The Cholatse expedition in 1993 was my first to the Himalaya. Cholatse is a gorgeous 6440m (21,129') peak in Nepal, which has had very few ascents. I was very, very keen on going to the Himalaya and was lucky enough to meet John Climaco in the Canadian Rockies during the winter of '92-93. While ice climbing together he told me about his planned trip to Cholatse in Nepal. I was immediately desperate to go on his trip. I wrote him a letter and begged to join the expedition. Fortunately for me, John agreed. I will always be in his debt for allowing me to come. A bigger eye opening than what I experienced there I doubt is possible. Pure magic...Thank you John!

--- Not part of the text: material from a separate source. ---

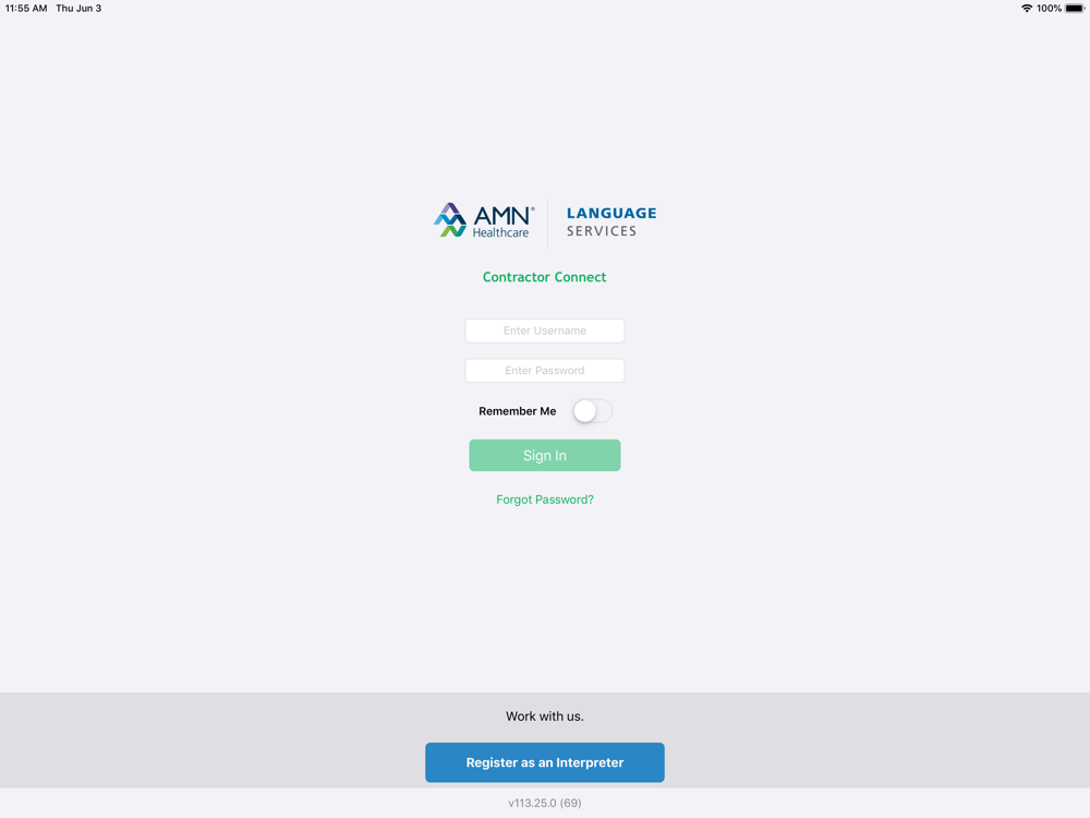 Contractor Connect requires a registration and verification process in order to accept interpreting jobs. You can start the sign up process inside the app.

In the autumn of '93, John Climaco, Chris Breemer, Rob Cassady, Nick, Tommy Heinrich, Glenn Dunmire, Ed Webster and I traveled through the Khumbu region of Nepal and established a base camp below the West Face of Cholatse. From there some of us hoped to establish a new route on this face, but it soon became apparent why this had not yet been done. The serac danger was not just in the imagination there. Our advanced camp was flattened one morning by an absolutely colossal serac collapse, scaring the living hell out of everyone. We shifted our attention to the South-West Ridge and West Rib routes. Chris, John, Rob, Tommy and I climbed the SW Ridge, while Ed and Glenn climbed the West Rib. The route required the negotiation of a tricky ice-fall, the climbing of a 600' fluted headwall, and the completion of 15-20 pitches of knife-edge ridge before reaching the summit plateau. Summit day involved tricky route-finding through a maze of seracs and a subsequent airy, airy ridge to the tiny top. Along this section a clear 6000' view down the North Face caused some distraction within the peripheral vision. The final 20 metres is the steepest snow climbing I have ever done. I was amazed the structure would even support our weight. With the summit between my legs I photographed Pumori, Lobuje, Everest, Makalu and Menlungtse, a peak I would go to six years later. We were all thrilled beyond description. These were without doubt some of the best days of my life.